Hydrol. Earth Syst. Sci., 17, 3871–3884, 2013
https://doi.org/10.5194/hess-17-3871-2013
© Author(s) 2013. This work is distributed under
the Creative Commons Attribution 3.0 License.

Research article 10 Oct 2013

Research article | 10 Oct 2013

Flood trends along the Rhine: the role of river training

S. Vorogushyn and B. Merz S. Vorogushyn and B. Merz
  • GFZ German Research Centre for Geosciences, Section 5.4: Hydrology, Telegrafenberg, 14473 Potsdam, Germany

Abstract. Several previous studies have detected positive trends in flood flows in German rivers, among others, at Rhine gauges over the past six decades. The presence and detectability of the climate change signal in flood records has been controversially discussed, particularly against the background of massive river training measures in the Rhine.
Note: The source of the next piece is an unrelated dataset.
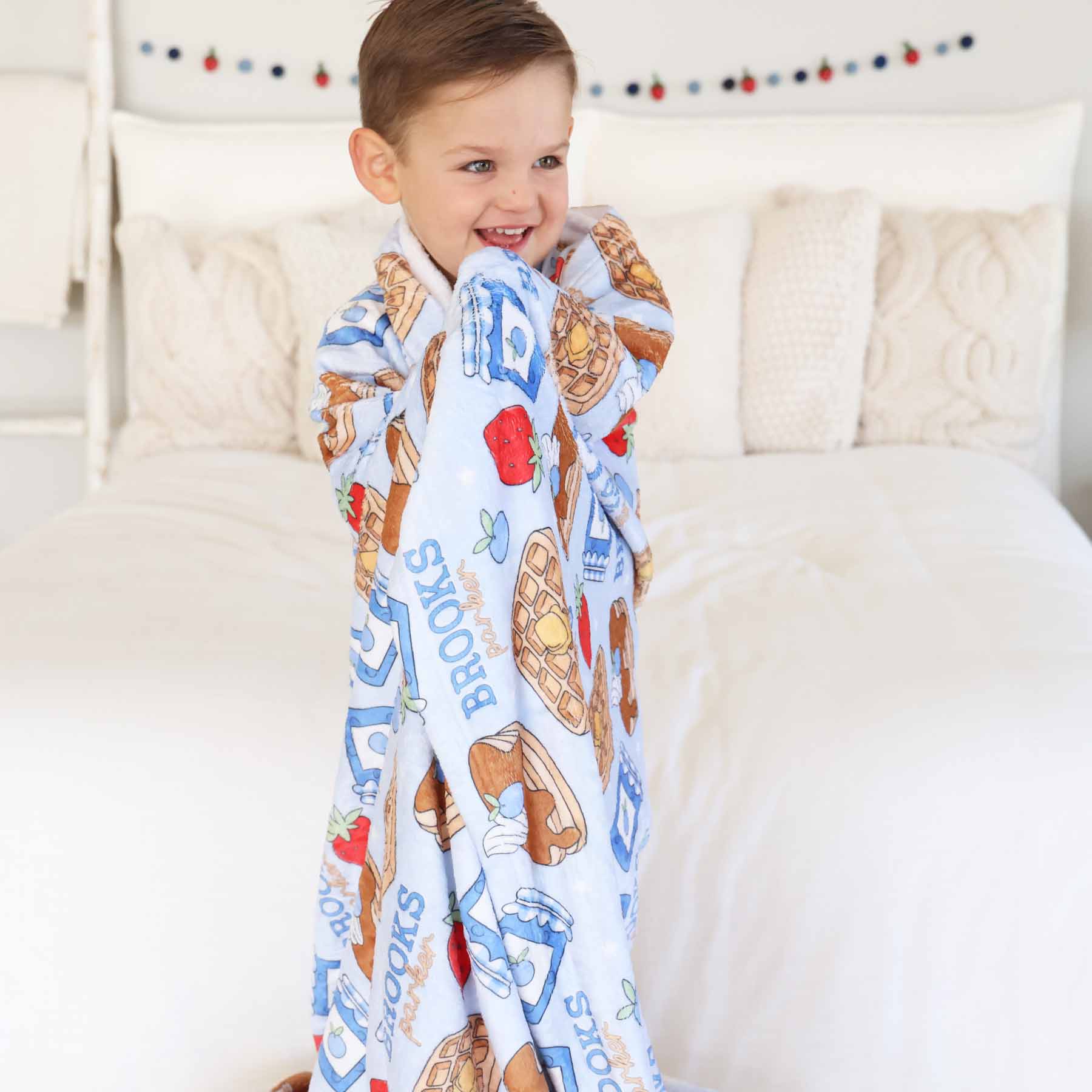 Pile on the comfort with the Sweet Stacks Personalized Kids Blanket! Sprinkled with fluffy pancakes, golden waffles and jars of jam, this blanket is a recipe for cozy nights and sweet snuggles. Made from a velvety minky fabric, it’s buttery soft, breathable, and perfect for keeping little dreamers comfy year-round. Add your child’s name for a personalized touch that makes this blanket as one-of-a-kind as their favorite breakfast treat.

In the past the Rhine catchment has been heavily trained, including the construction of the Rhine weir cascade, flood protection dikes and detention basins. The present study investigates the role of river training on changes in annual maximum daily flows at Rhine gauges starting from Maxau down to Lobith. In particular, the effect of the Rhine weir cascade and of a series of detention basins was investigated. By homogenising the original flood flow records in the period from 1952 till 2009, the annual maximum series were computed that would have been recorded had river training measures not been in place. Using multiple trend analysis, relative changes in the homogenised time series were found to be from a few percentage points to more than 10 percentage points smaller compared to the original records. This effect is attributable to the river training measures, and primarily to the construction of the Rhine weir cascade. The increase in Rhine flood discharges during this period was partly caused by an unfavourable superposition of the Rhine and Neckar flood waves. This superposition resulted from an acceleration of the Rhine waves due to the construction of the weir cascade and associated channelisation and dike heightening. However, at the same time, tributary flows across the entire Upper and Lower Rhine, which enhance annual maximum Rhine peaks, showed strong positive trends. This suggests the dominance of another driver or drivers which acted alongside river training.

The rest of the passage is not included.